Le film « Le message » sera projeté en Arabie Saoudite après 42 ans de censure (Vidéo)

L’arrivée au pouvoir du prince héritier d’Arabie Saoudite, Mohammed Ben Salman, a permis l’ouverture de la société Saoudienne sur le monde, et a permis de réparer quelques injustices comme celle de l’interdiction du film « Le Message », du réalisateur syrien Mustapha Akkad. Restauré en version 4K, le film avait déjà été présenté en décembre dernier au festival du film de Dubaï.

Ce film, qui a été financé par le Koweit et le Liban et qui a été tourné au Maroc et en Libye, par des équipes arabes, américaines et anglaises a en effet été autorisé cette semaine par les autorités Saoudiennes, après plus de 42 ans de censure. Le roi Faycal Al Saoud avait à l’époque interdit le tournage et le financement du film car on avait construit une réplique de la Mecque au …..Maroc. Le souverain saoudien avait fait pression sur le roi du Maroc Hassan II pour stopper le tournage du film, sous peine de suspension de l’aide saoudienne au Royaume chérifien.

Le film au succès planétaire (a été doublé en 12 langues) sera diffusé sur les écrans en Arabie Saoudite avant l’Eid El Fitr, fête qui marque la fin du mois sacré du Ramadan.

Première superproduction arabe à associer une distribution internationale (Le casting regroupa plus de 28 nationalités ) en vedettes l’acteur égyptien Abdallah Ghaith et la star syrienne Mouna Wassef dans la version arabe. Et Antony Quinn (Hamza), Irène Papas (Hind), Michael Ansara (Abou Soufiane) dans la version anglaise.

Ce film qui a réussi la prouesse de parler du prophète Mohammed sans qu’il ne soit représenté à l’écran comme le recommande la tradition musulmane, a enfin été autorisé à la diffusion sur les écrans.

Pourtant à l’époque, le réalisateur Syrien, avant d’amorcer le tournage en 1976, dans le désert Marocain et en Libye, était allé jusqu’à consulter les islamologues de la prestigieuse Université al-Azhar du Caire pour lui fournir des conseils pour ne pas heurter la sensibilité des musulmans.

« J’ai fait ce film car il représente un enjeu personnel », avait-il déclaré au Washington Post en 2005. « En tant que musulman vivant en Occident, je considère qu’il est de mon devoir de dire la vérité sur l’islam. C’est une religion qui comporte 700 millions de fidèles, et pourtant, on en sait si peu à son propos que c’en est surprenant. J’ai pensé que raconter cette histoire pouvait créer un pont avec l’Occident ».

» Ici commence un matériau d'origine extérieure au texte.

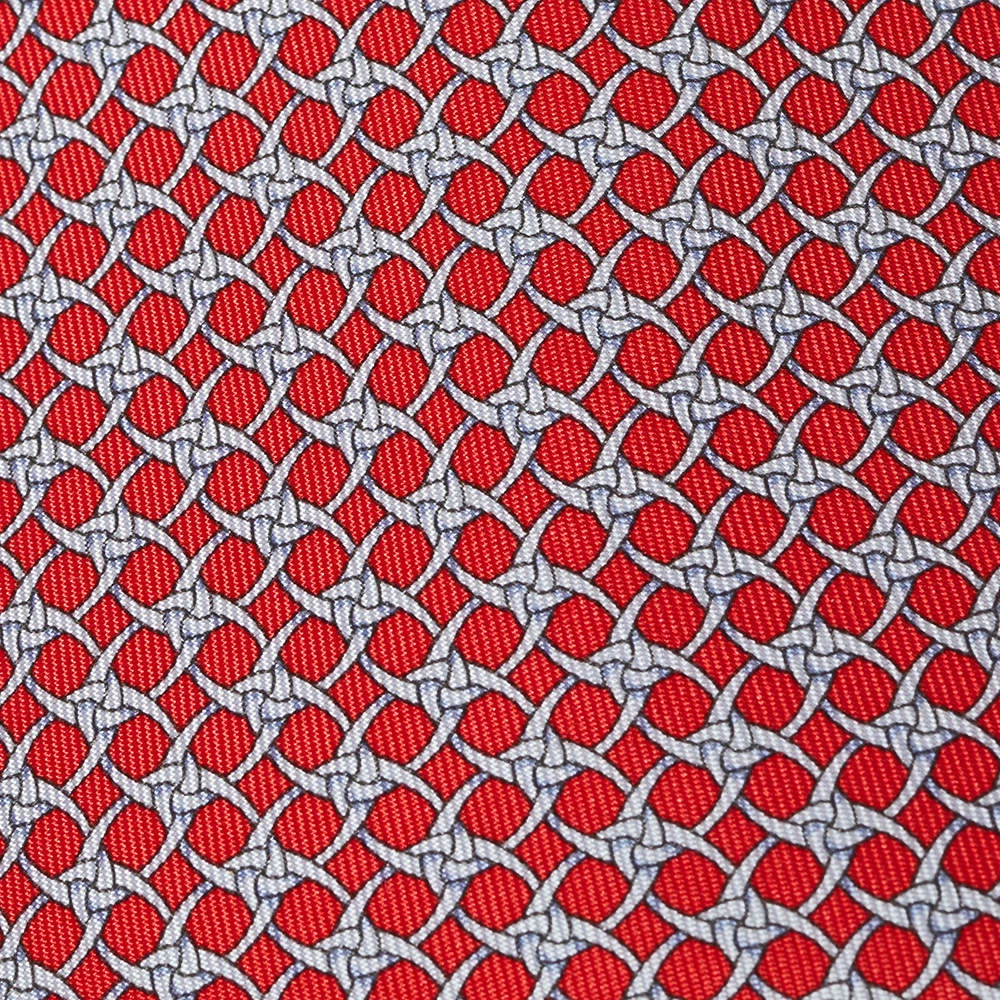 Pick this Hermès red tie to give your formal look a touch of luxury. It is cut from silk and detailed with luxe patterns all over. Made in France.

Espérant une sortie en salles dans les pays musulmans, les ayant-droits du long-métrage, dont le producteur Malek Akkad, fils du réalisateur, ont saisi les conseils de censure de plusieurs pays pour éviter toute mauvaise surprise et comptent sur une sortie pour les vacances de l’Aïd. Comme le rapporte The Hollywood reporter, les producteurs du film « ont adressé la question aux comités de censure de pays comme ceux du Conseil de coopération du Golfe, l’Égypte, le Maroc, l’Irak, le Liban ou encore l’Ethiopie. Seul le Koweit ( qui avait produit le film à l’époque) a banni le film ». Cependant, comme l’explique le journal américain, l’autorisation émise par l’Arabie Saoudite pourrait mener à un changement de position de son allié koweiti.

Malheureusement, Moustapha Akkad n’aura pas connu de son vivant cette autorisation puisqu’il a perdu la vie en 2005 à Amman dans un attentat perpétré par des membres d’Al-Qaïda en Irak , visant l’hôtel où il séjournait, .

Sa fille meurt également dans cet attentat et Mustapha Akkad succombe à ses blessures deux jours plus tard dans un hôpital. C’est son fils Malek Akkad qui est devenu le seul détenteur des droits TV et cinéma de ce grand film, sans doute le film arabe le plus célèbre au monde.